» Activity:
The output must contain exactly the lines from the top of the listing below through the line containing "De Volt-provocaties in", and no pictures.

------

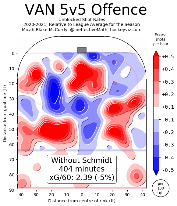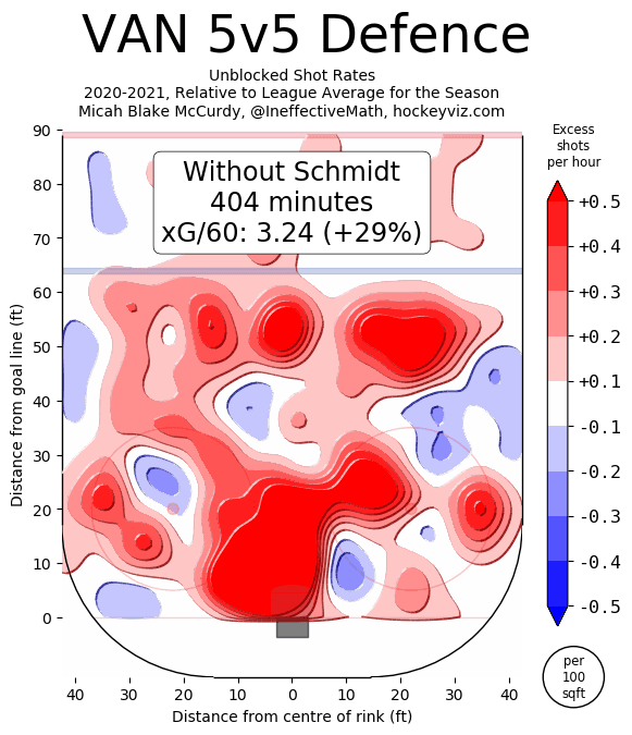 From the team perspective as a whole, we can see from the chart below that the Canucks’ offence is about 4% more potent at evens with Schmidt on the ice when using xG/60, no doubt due to his zone entry abilities and strong skills in the offensive zone once he enters. In the 404 minutes that the Canucks have played without Schmidt, their xG/60 drops to 5% below league average.
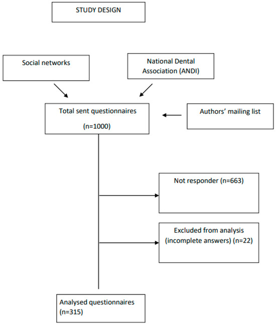 Three hundred and fifteen dentists actively participated in the survey, reflecting a response rate of 31.50%, considering the initial pool of 1000 invited professionals (Figure 1). The characteristics of respondents are displayed in Table 1.
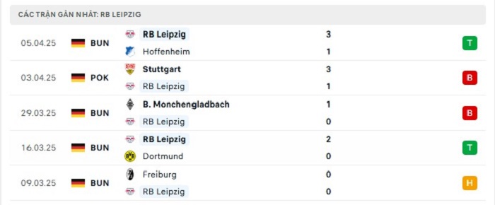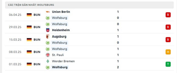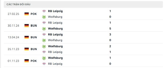 Phong độ gần đây Wolfsburg vs RB Leipzig
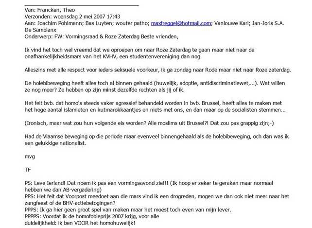 De Volt-provocaties in Borgerhout en Brussel (2012) passen perfect in de ideologie van de N-VA. Dat bleek onlangs nog toen een oude mail (2007) van Theo Francken opdook. Daarin schrijft Francken: “Het feit dat bvb. homo’s steeds vaker agressief behandeld worden in bvb. Brussel, heeft alles te maken met het hoge aantal islamieten en kut-marokkaantjes en niets met ons”. In diezelfde mail roept hij op om vooral niet naar de Pride in Brussel te gaan. Wie denkt dat het hier om een uitschuiver van een extremist gaat vergist zich. Hij vertolkt hier perfect de – vaak dubbelhartige – visie van de N-VA. Bart De Wever beweerde precies hetzelfde in Reyers Laat. De voorzitter veroordeelde de standpunten die in de mail van Francken staan ook niet. Hij maant hem enkel aan zijn racistische en homofobe standpunten wat minder uit te bazuinen: “Het is een goede les voor Theo Francken. Ik zeg al jaren dat hij moet oppassen met Facebook.” zegt De Wever in De Morgen.
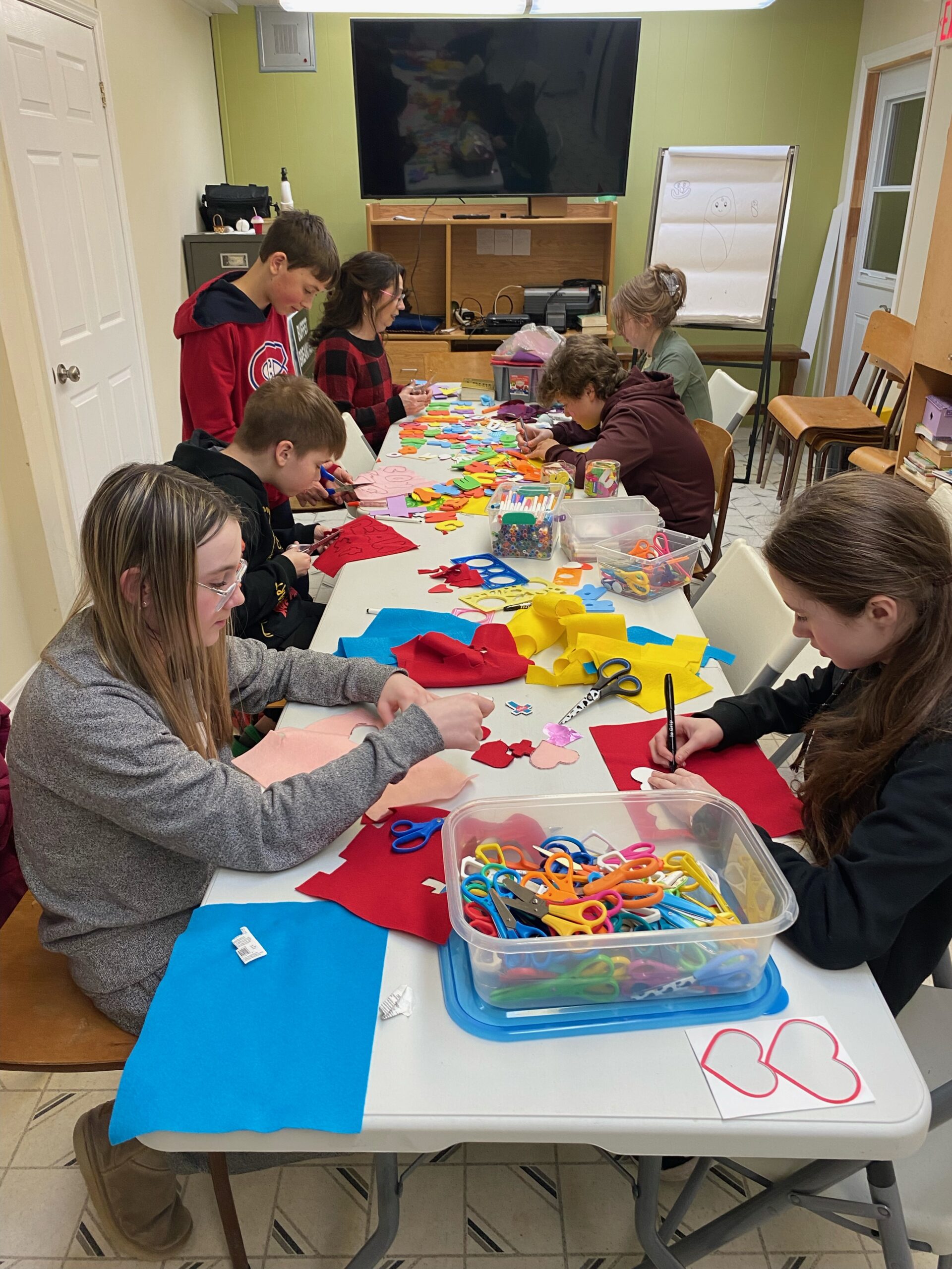 Many people in the Parish of Bay Roberts/Coley’s Point know somebody who has been diagnosed with Alzheimer’s or dementia. Our parish’s Busy Hands Crafters group was wondering what we could do to help, so we decided to make fidget mats. At a youth group night, the young people cut out letters that could be sewn onto the mats. Some ladies assembled base mats and constructed ‘fidget’ attachments at home, and many participants donated fabrics and items that would enable us to assemble a larger quantity than we had originally thought was possible.
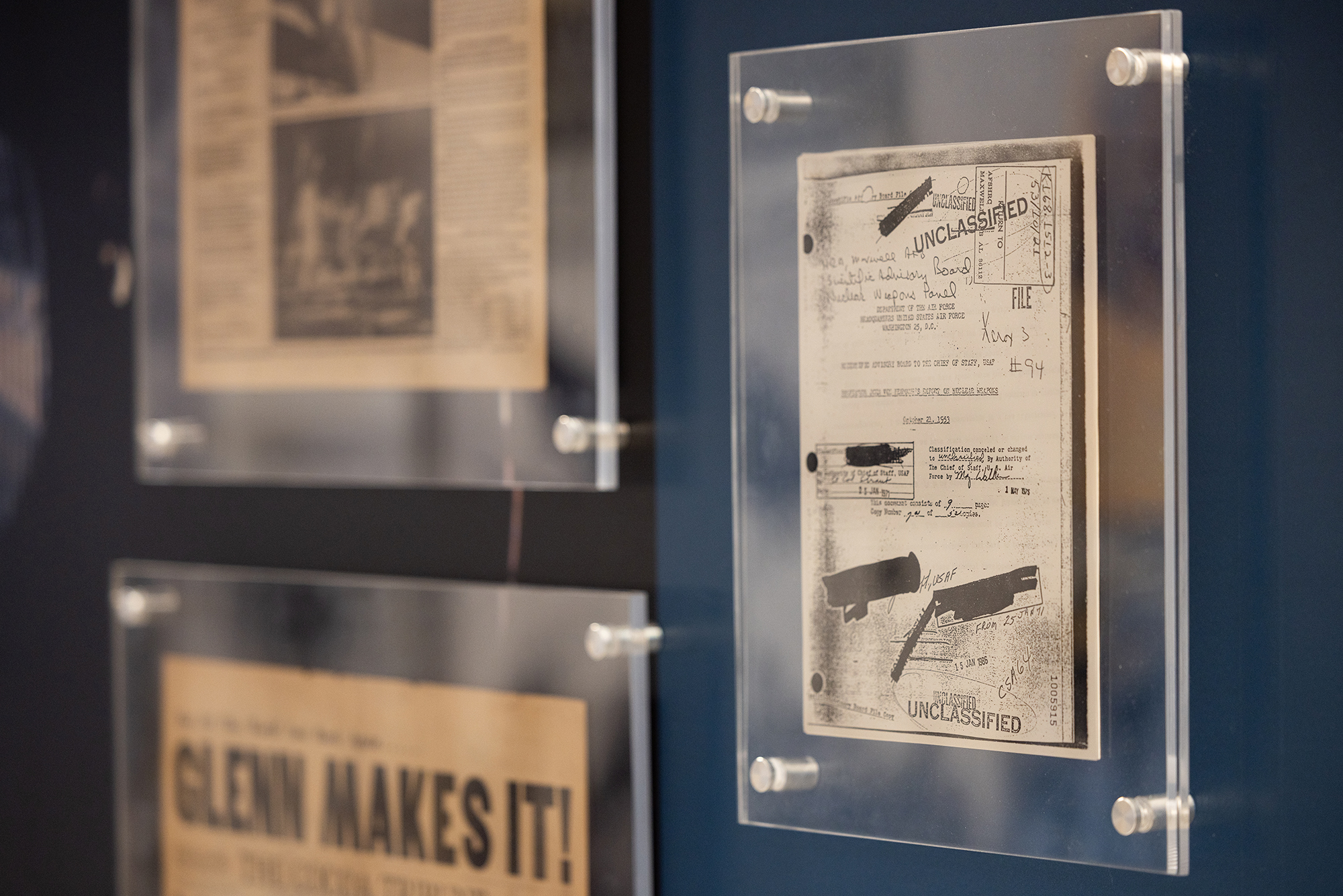 To enrich the historical depth and authenticity of the exhibit, Birkey contributed original artifacts and archival materials that connect visitors directly to the eras being represented—including a World War I propeller blade, a piece of a B-17, as well as control wheels from a B-47, B-52, and C-5. Items from AFA’s collections were also highlighted, like original newspapers covering the early days of the Space race, an Apollo 15 mission patch that was flown to the moon and back, along with key documents that tie to the founding of the Space Force. Deptula also added some very rare historical
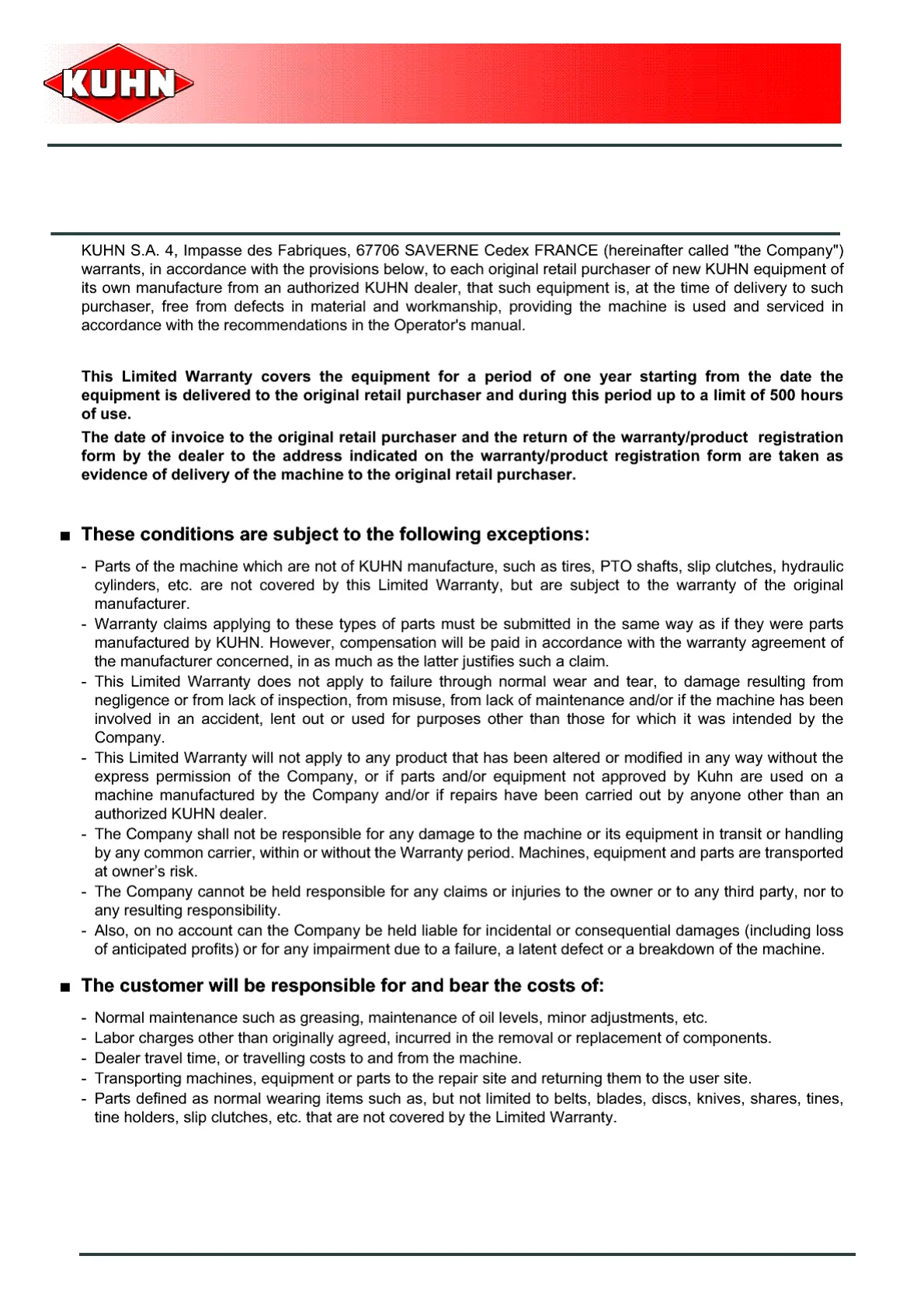 KUHN FC883RA - Limited Warranty
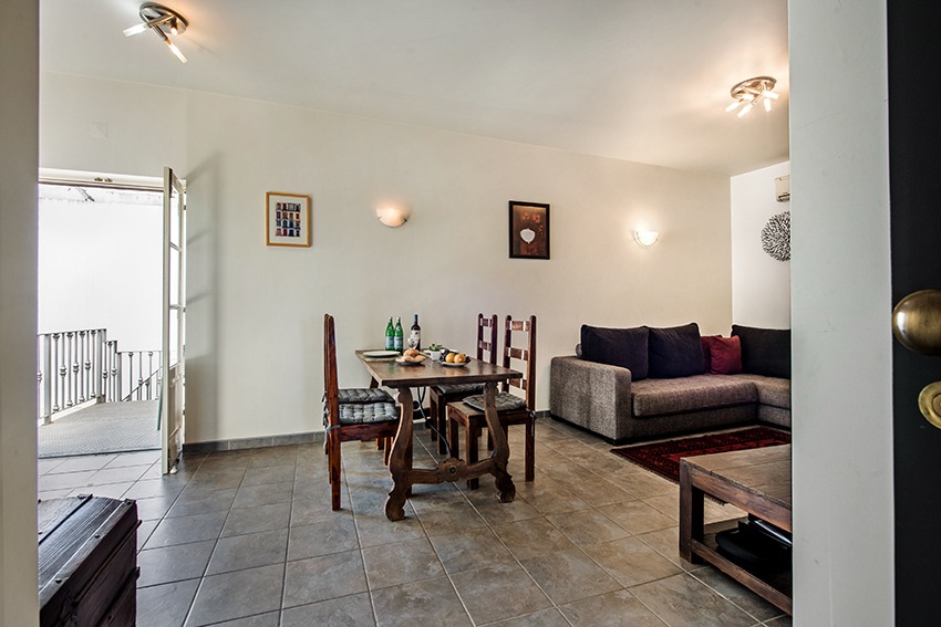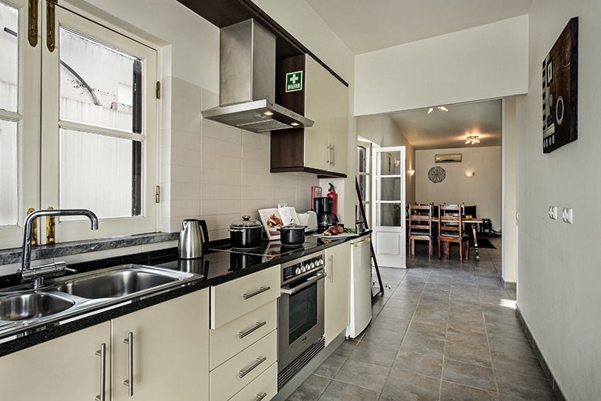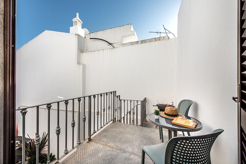 There are external stairs leading to the pool area of the ground floor apartment. This is usually locked but we can arrange the two properties together for larger groups making a three bedroom townhouse (see reference HHA-67, apartment with private swimming pool in center of Tavira)
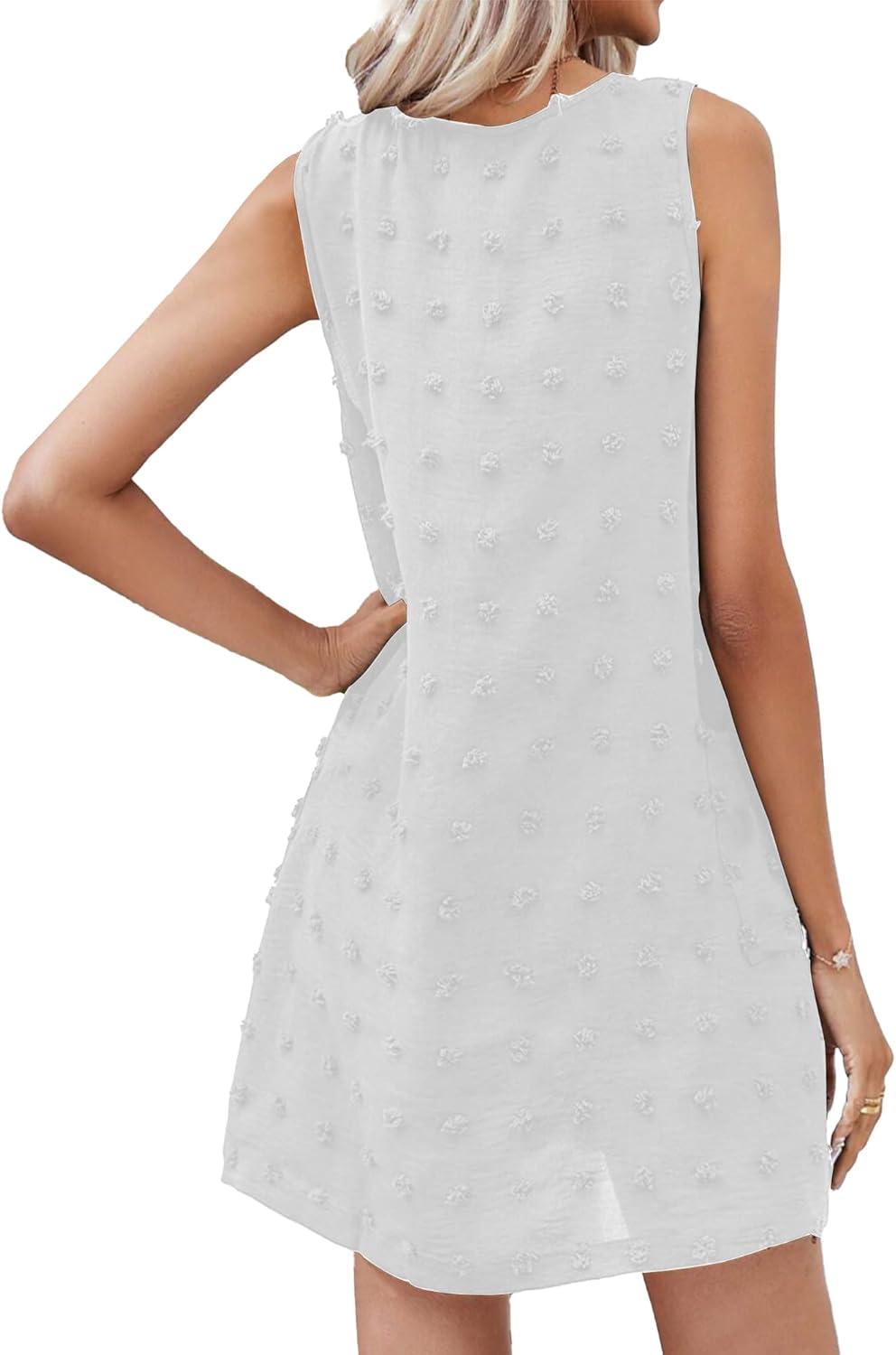 Moss Rose Beach Vacation Clothes for Women Sundresses Swiss Polka Dot Beach Cover Up V Neck Tank Dress with Pockets(Off-white)

------

» Reply to the task:
 From the team perspective as a whole, we can see from the chart below that the Canucks’ offence is about 4% more potent at evens with Schmidt on the ice when using xG/60, no doubt due to his zone entry abilities and strong skills in the offensive zone once he enters. In the 404 minutes that the Canucks have played without Schmidt, their xG/60 drops to 5% below league average.
 Three hundred and fifteen dentists actively participated in the survey, reflecting a response rate of 31.50%, considering the initial pool of 1000 invited professionals (Figure 1). The characteristics of respondents are displayed in Table 1.
 Phong độ gần đây Wolfsburg vs RB Leipzig
 De Volt-provocaties in Borgerhout en Brussel (2012) passen perfect in de ideologie van de N-VA. Dat bleek onlangs nog toen een oude mail (2007) van Theo Francken opdook. Daarin schrijft Francken: “Het feit dat bvb. homo’s steeds vaker agressief behandeld worden in bvb. Brussel, heeft alles te maken met het hoge aantal islamieten en kut-marokkaantjes en niets met ons”. In diezelfde mail roept hij op om vooral niet naar de Pride in Brussel te gaan. Wie denkt dat het hier om een uitschuiver van een extremist gaat vergist zich. Hij vertolkt hier perfect de – vaak dubbelhartige – visie van de N-VA. Bart De Wever beweerde precies hetzelfde in Reyers Laat. De voorzitter veroordeelde de standpunten die in de mail van Francken staan ook niet. Hij maant hem enkel aan zijn racistische en homofobe standpunten wat minder uit te bazuinen: “Het is een goede les voor Theo Francken. Ik zeg al jaren dat hij moet oppassen met Facebook.” zegt De Wever in De Morgen.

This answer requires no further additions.